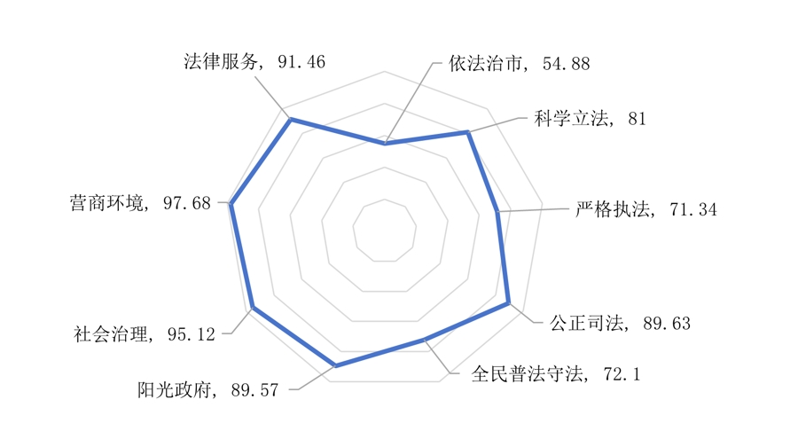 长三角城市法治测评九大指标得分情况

════════

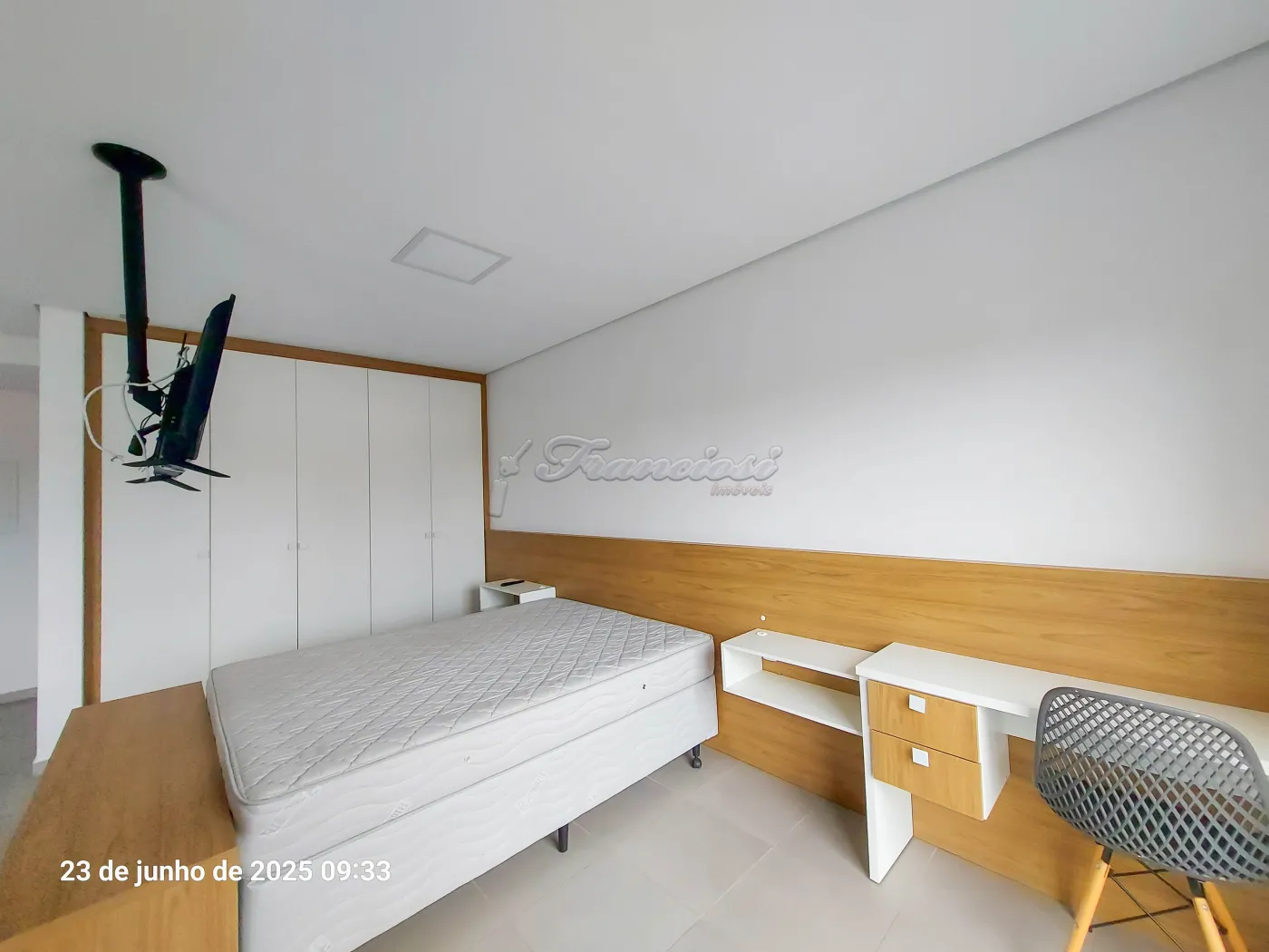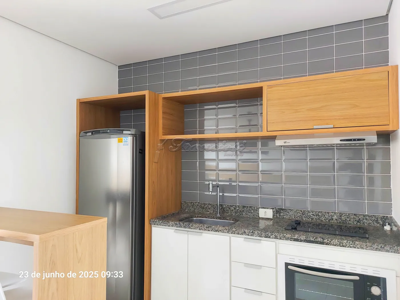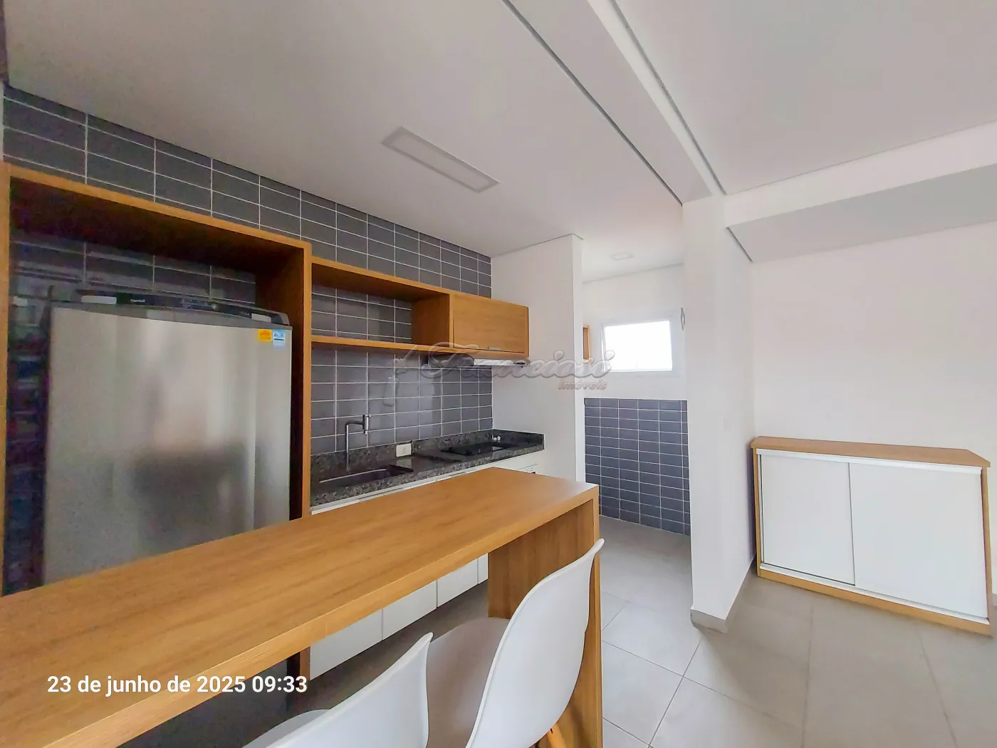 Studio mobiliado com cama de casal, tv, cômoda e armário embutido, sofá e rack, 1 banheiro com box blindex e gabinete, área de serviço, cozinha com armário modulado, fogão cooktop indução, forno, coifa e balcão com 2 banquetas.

════════

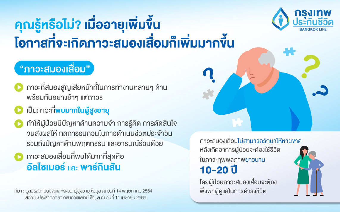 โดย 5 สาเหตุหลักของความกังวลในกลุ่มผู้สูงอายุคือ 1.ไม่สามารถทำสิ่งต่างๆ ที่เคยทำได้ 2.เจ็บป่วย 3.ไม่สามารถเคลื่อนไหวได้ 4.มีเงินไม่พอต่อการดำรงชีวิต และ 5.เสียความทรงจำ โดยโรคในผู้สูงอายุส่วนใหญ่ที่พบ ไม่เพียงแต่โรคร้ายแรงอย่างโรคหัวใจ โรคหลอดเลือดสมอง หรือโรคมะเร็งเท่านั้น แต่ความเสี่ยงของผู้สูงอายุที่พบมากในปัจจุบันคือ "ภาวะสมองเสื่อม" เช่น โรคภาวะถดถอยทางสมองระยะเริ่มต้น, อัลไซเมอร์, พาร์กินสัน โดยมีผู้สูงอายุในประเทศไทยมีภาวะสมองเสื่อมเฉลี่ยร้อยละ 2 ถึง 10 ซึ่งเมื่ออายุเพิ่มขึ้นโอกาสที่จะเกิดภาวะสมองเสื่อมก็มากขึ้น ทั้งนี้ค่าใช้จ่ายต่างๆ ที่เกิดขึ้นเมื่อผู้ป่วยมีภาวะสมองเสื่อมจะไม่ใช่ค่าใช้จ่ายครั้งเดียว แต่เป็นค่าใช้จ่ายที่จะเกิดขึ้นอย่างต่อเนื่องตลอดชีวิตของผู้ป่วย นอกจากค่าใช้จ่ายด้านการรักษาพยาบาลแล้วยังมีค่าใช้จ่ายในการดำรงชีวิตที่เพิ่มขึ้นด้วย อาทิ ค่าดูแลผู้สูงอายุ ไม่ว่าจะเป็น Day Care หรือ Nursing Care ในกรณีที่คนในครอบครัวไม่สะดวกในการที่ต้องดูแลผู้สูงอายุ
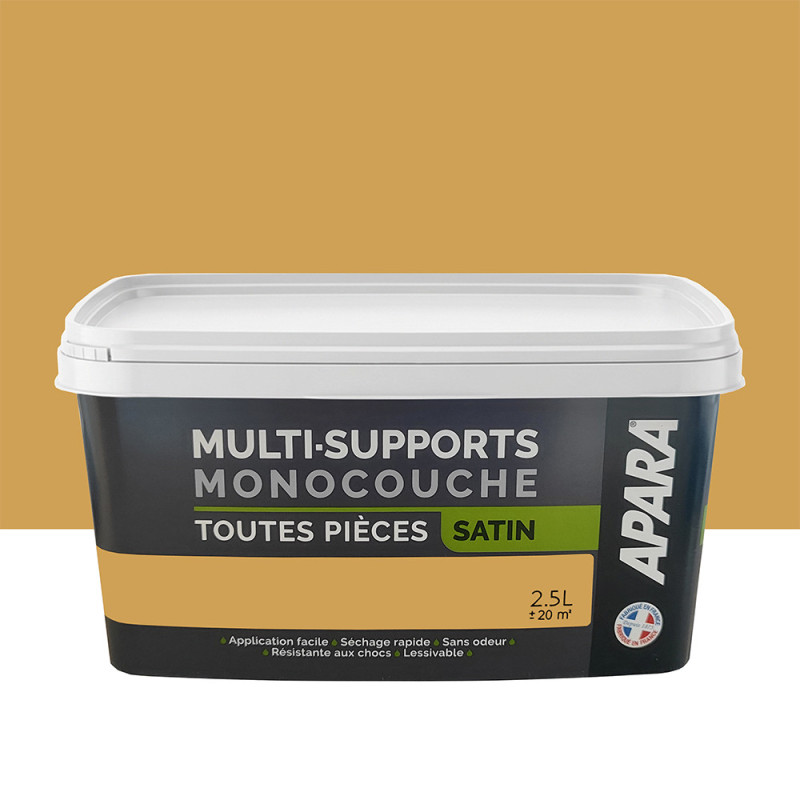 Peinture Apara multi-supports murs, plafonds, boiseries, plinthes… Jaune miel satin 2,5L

════════

▶ **Instructions to follow**:
Copy out the lines above from the line containing "โดย 5 สาเหตุหลักของความกังวลในกลุ่มผู้สูงอายุคือ" through the line containing "Peinture Apara multi-supports", exactly, and keep the pictures out.

▶ **Written response**:
 โดย 5 สาเหตุหลักของความกังวลในกลุ่มผู้สูงอายุคือ 1.ไม่สามารถทำสิ่งต่างๆ ที่เคยทำได้ 2.เจ็บป่วย 3.ไม่สามารถเคลื่อนไหวได้ 4.มีเงินไม่พอต่อการดำรงชีวิต และ 5.เสียความทรงจำ โดยโรคในผู้สูงอายุส่วนใหญ่ที่พบ ไม่เพียงแต่โรคร้ายแรงอย่างโรคหัวใจ โรคหลอดเลือดสมอง หรือโรคมะเร็งเท่านั้น แต่ความเสี่ยงของผู้สูงอายุที่พบมากในปัจจุบันคือ "ภาวะสมองเสื่อม" เช่น โรคภาวะถดถอยทางสมองระยะเริ่มต้น, อัลไซเมอร์, พาร์กินสัน โดยมีผู้สูงอายุในประเทศไทยมีภาวะสมองเสื่อมเฉลี่ยร้อยละ 2 ถึง 10 ซึ่งเมื่ออายุเพิ่มขึ้นโอกาสที่จะเกิดภาวะสมองเสื่อมก็มากขึ้น ทั้งนี้ค่าใช้จ่ายต่างๆ ที่เกิดขึ้นเมื่อผู้ป่วยมีภาวะสมองเสื่อมจะไม่ใช่ค่าใช้จ่ายครั้งเดียว แต่เป็นค่าใช้จ่ายที่จะเกิดขึ้นอย่างต่อเนื่องตลอดชีวิตของผู้ป่วย นอกจากค่าใช้จ่ายด้านการรักษาพยาบาลแล้วยังมีค่าใช้จ่ายในการดำรงชีวิตที่เพิ่มขึ้นด้วย อาทิ ค่าดูแลผู้สูงอายุ ไม่ว่าจะเป็น Day Care หรือ Nursing Care ในกรณีที่คนในครอบครัวไม่สะดวกในการที่ต้องดูแลผู้สูงอายุ
 Peinture Apara multi-supports murs, plafonds, boiseries, plinthes… Jaune miel satin 2,5L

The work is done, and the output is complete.